The problem: Give again, word for word, each line of the data from the first through the one containing "湖北晟威保安服务有限公司驻理". Pictures stay out.

═══ Information ═══

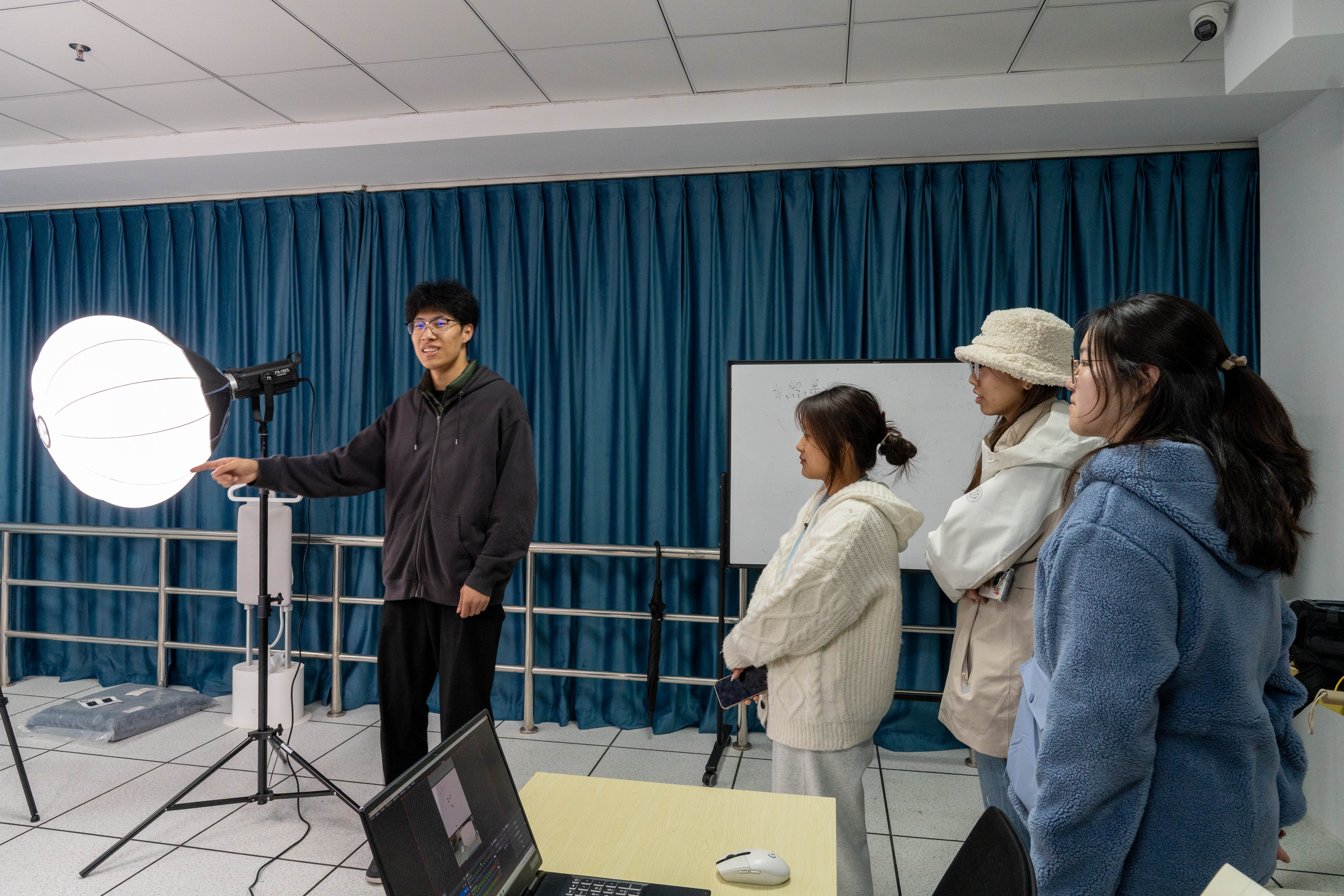 本次活动采用了线上直播、实操演练相结合的交流形式,内容丰富多样。在技术讲解环节,学长们详细阐述了直播软件的分类、灯光技术基础、设备认知、实战布光教学以及设备调试等关键知识点。通过生动的讲解和现场演示,同学们对直播设备的操作有了更加深入的了解。面对同学们遇到的各种问题,学长们都会耐心解答。
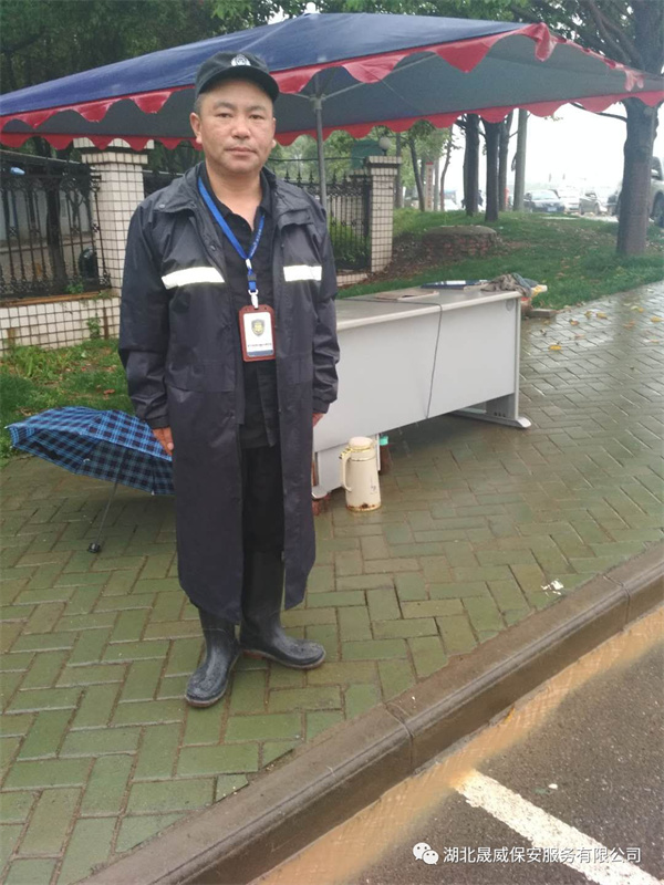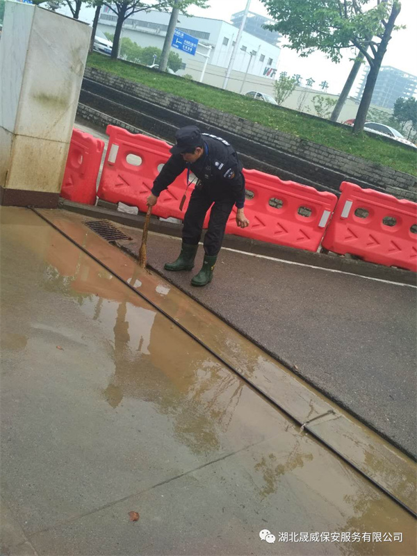 湖北晟威保安服务有限公司驻理工光科项目部的保安员,大雨也浇不灭他们保一方平安的热忱,坚持雨中执勤站岗;更是连续几小时不停歇的除泥浆冲洗马路,为了过往的人和车辆能走的安全、走的放心,他们弯下了自己的腰,手里握着的是晟威人的精神,而这背上扛的,是满满的责任心;
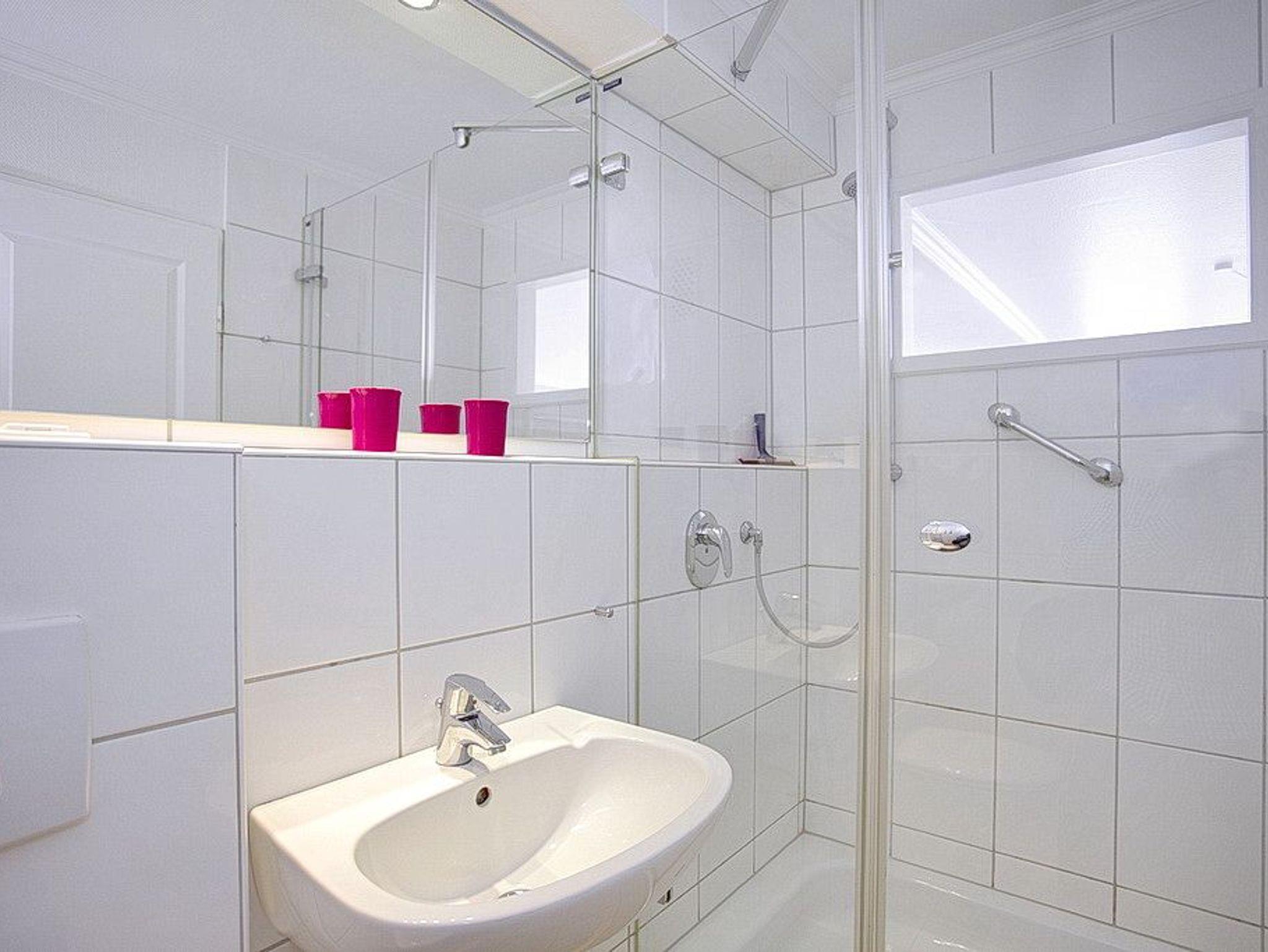 Das moderne 1-Zimmer-Apartment im 1. OG vom Haus Metropol mit ca. 43 m² überzeugt durch sein großes gefliestes Wohn-/Schlafzimmer mit feststehendem Doppelbett (160x200), Couchecke und Essplatz direkt am Fenster. Zudem finden Sie im Wohnbereich einen Flat-TV, ein Radio und WLAN (ohne Gewähr). Die seperate Küche mit Backofen, Geschirrspüler und Cerankochfeld ist voll ausgestattet. Im Eingangsbereich befindet sich der Zugang zum Duschbad mit WC.
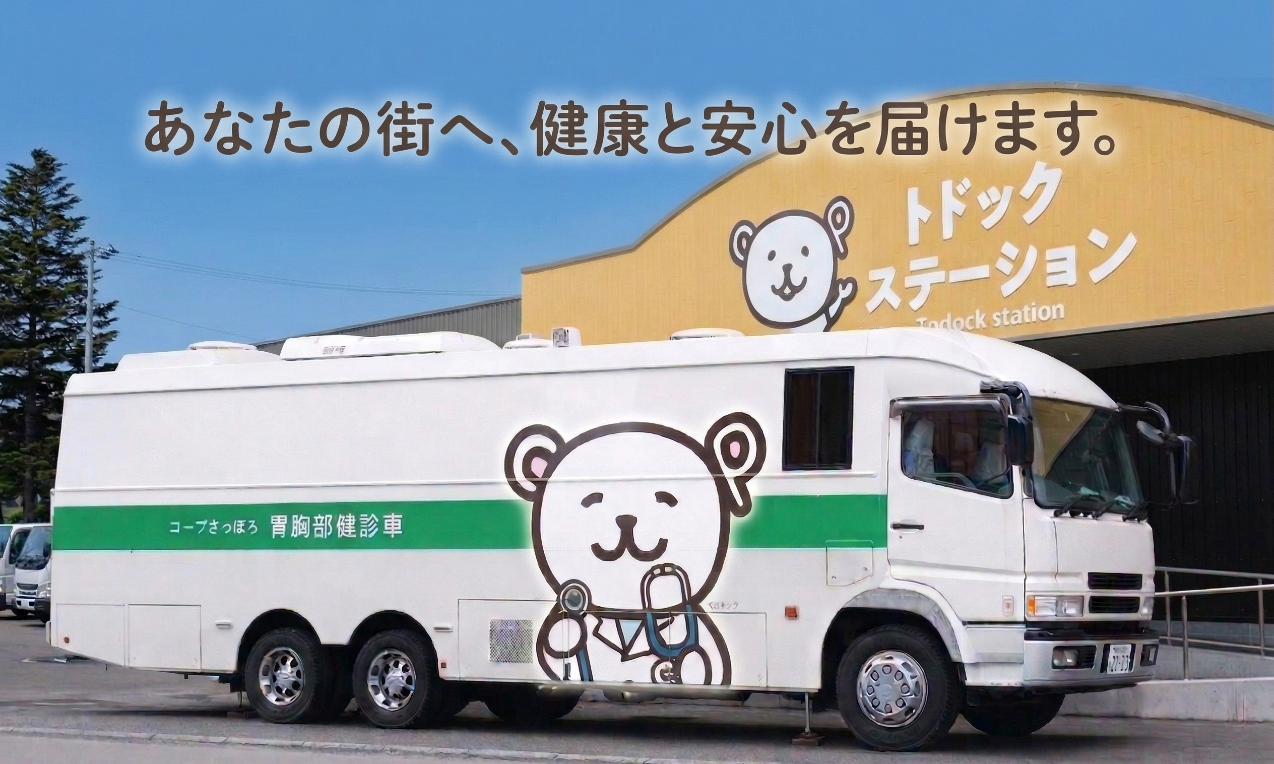 北海道では過疎化が進む地域が増え、組合員様から「地域のかかりつけ医療機関も長距離で通いづらい」「自宅近くの店舗までなら行けます。」の声をいただき、健康管理のお役に立ちたいとの強い思いから、ご自宅近くの店舗や集会場などに直接出向き健康診断を行う「巡回型健康診断」に特化した医療機関として、レントゲン撮影バスに乗り北海道全域をまわっております。
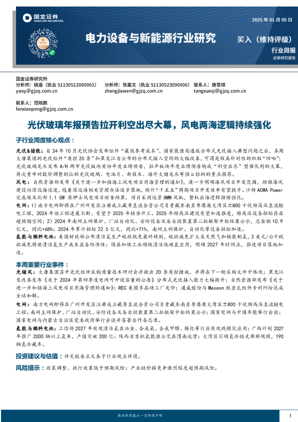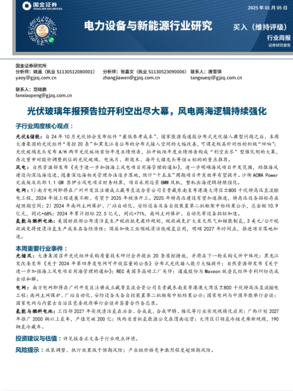 【国金证券】【20250105】电力设备与新能源行业研究:光伏玻璃年报预告拉开利空出尽大幕,风电两海逻辑持续强化-10页
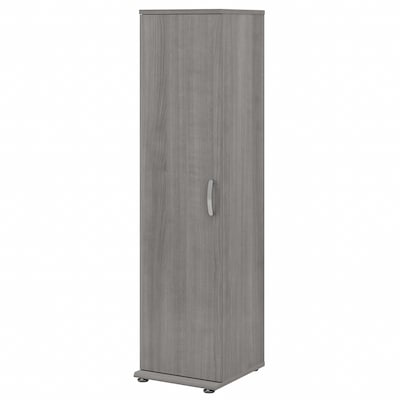 The Bush Business Furniture Universal tall narrow storage cabinet with door and shelves features a commercial-quality design and contemporary styling that suits virtually any home or professional environment. Organize your office, break room, garage, laundry room or any other work or living space with a tall skinny cabinet that's built to last and boasts plenty of storage capacity. The door opens to reveal one fixed shelf and two adjustable shelves for flexible storage of office supplies, tools, household items, and more. Each shelf supports up to 35 lbs., so storing larger materials and equipment is no problem. The floor cabinet's base has adjustable levelers to compensate for uneven surfaces, and wall attachment hardware is included for maximum stability. This tall narrow cabinet has been tested to meet ANSI/BIFMA standards for safety and performance and is backed by a 10-year warranty.
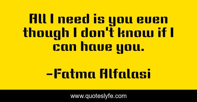This page presents the quote "All I need is you even though I don't know if I can have you.". Author of this quote is Fatma Alfalasi. This quote is about needs, love, wanting-wanting-and-needs, have-faith, needs-and-wants, need, having, affection,.
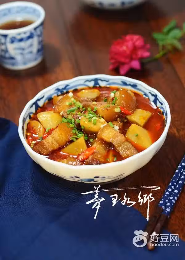 五花肉500克,芋頭800克,油、綠豆、紅辣椒、姜、老火鍋料、香蔥、白糖、生抽適量
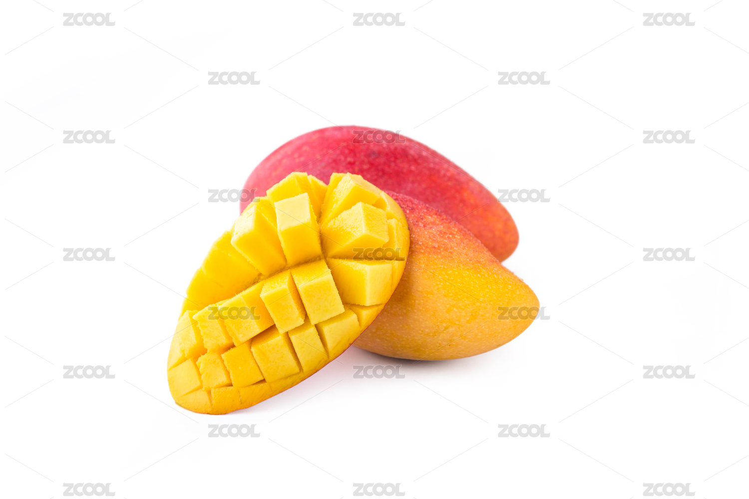 白底上放着一堆新鲜玉芒果和切开的芒果
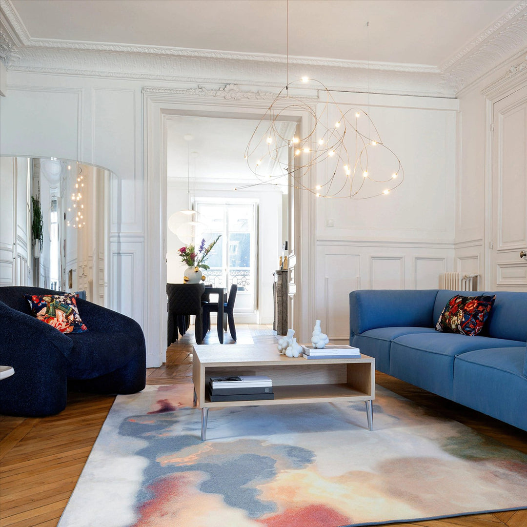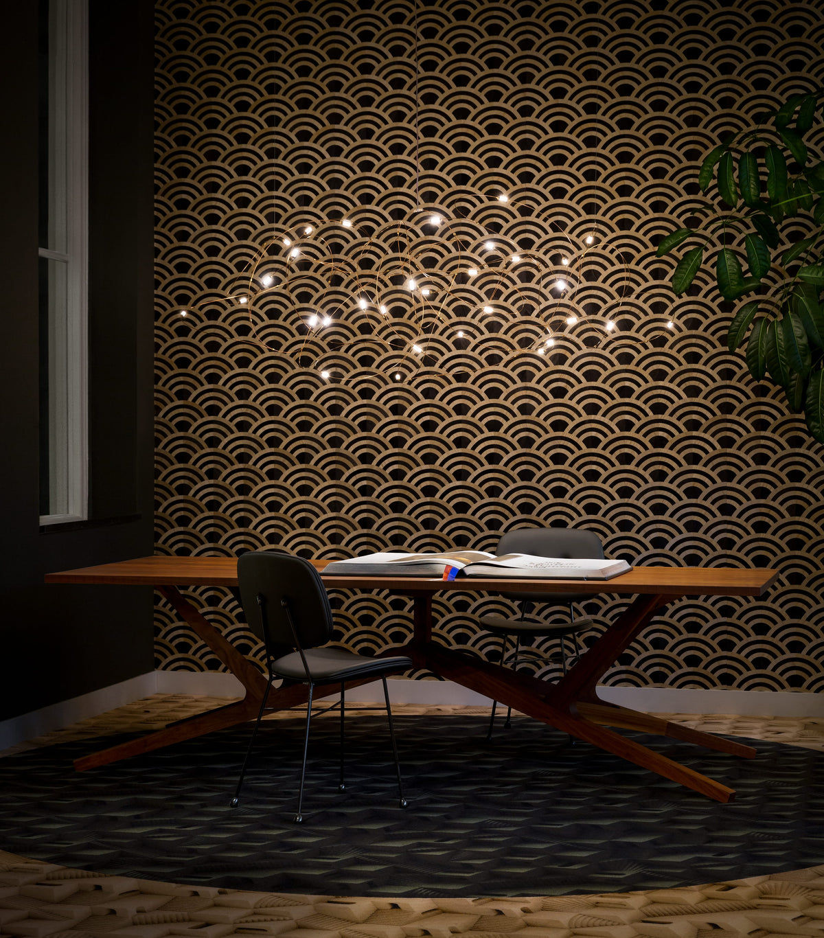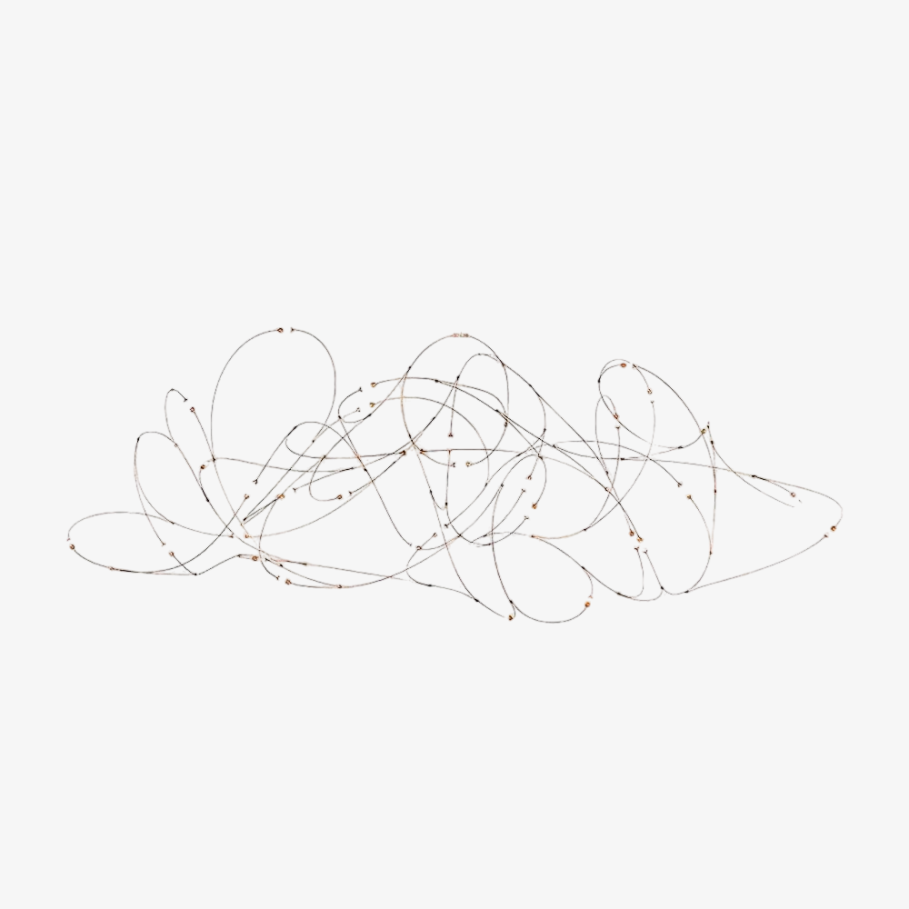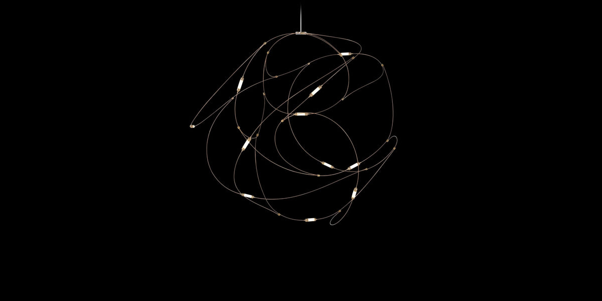 - Crafted with meticulous attention to detail, the Flock features an elegant framework of fine, hand-bent bronze wires that create soft, organic curves. Suspended within this delicate structure are solid brass cups, housing energy-efficient LEDs with frosted diffusers. By day, it’s a light and airy sculptural element, adding a touch of modern elegance to your space. As dusk falls, it undergoes a magical transformation. The individual lights ignite like a swarm of gentle beetles, casting a soft, inviting, and warm glow that banishes harsh shadows.
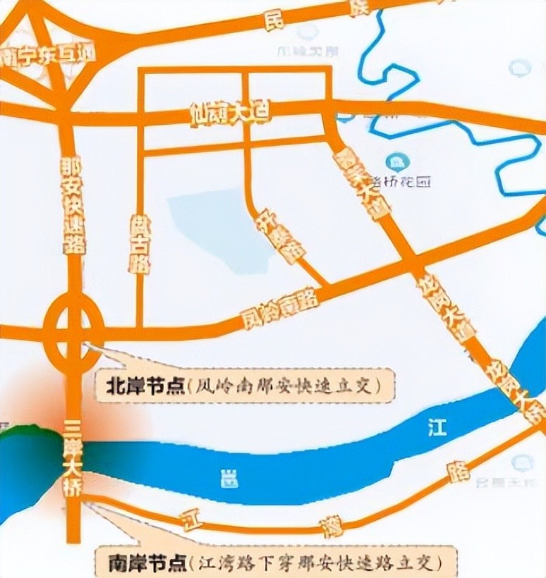 但随着南宁快速发展,对道路也不断地提升,南宁三岸大桥也一下子成为东环快速路的一部分,作为节点工程,已不能满足东环快速路过江的需求了,目前三岸大桥南、北两岸双已实现八车道,而6车道的三岸大桥俨然已成为一个瓶颈路段,时常会出现拥堵,需要扩容。

═══

Exercise output:
 本次活动采用了线上直播、实操演练相结合的交流形式,内容丰富多样。在技术讲解环节,学长们详细阐述了直播软件的分类、灯光技术基础、设备认知、实战布光教学以及设备调试等关键知识点。通过生动的讲解和现场演示,同学们对直播设备的操作有了更加深入的了解。面对同学们遇到的各种问题,学长们都会耐心解答。
 湖北晟威保安服务有限公司驻理工光科项目部的保安员,大雨也浇不灭他们保一方平安的热忱,坚持雨中执勤站岗;更是连续几小时不停歇的除泥浆冲洗马路,为了过往的人和车辆能走的安全、走的放心,他们弯下了自己的腰,手里握着的是晟威人的精神,而这背上扛的,是满满的责任心;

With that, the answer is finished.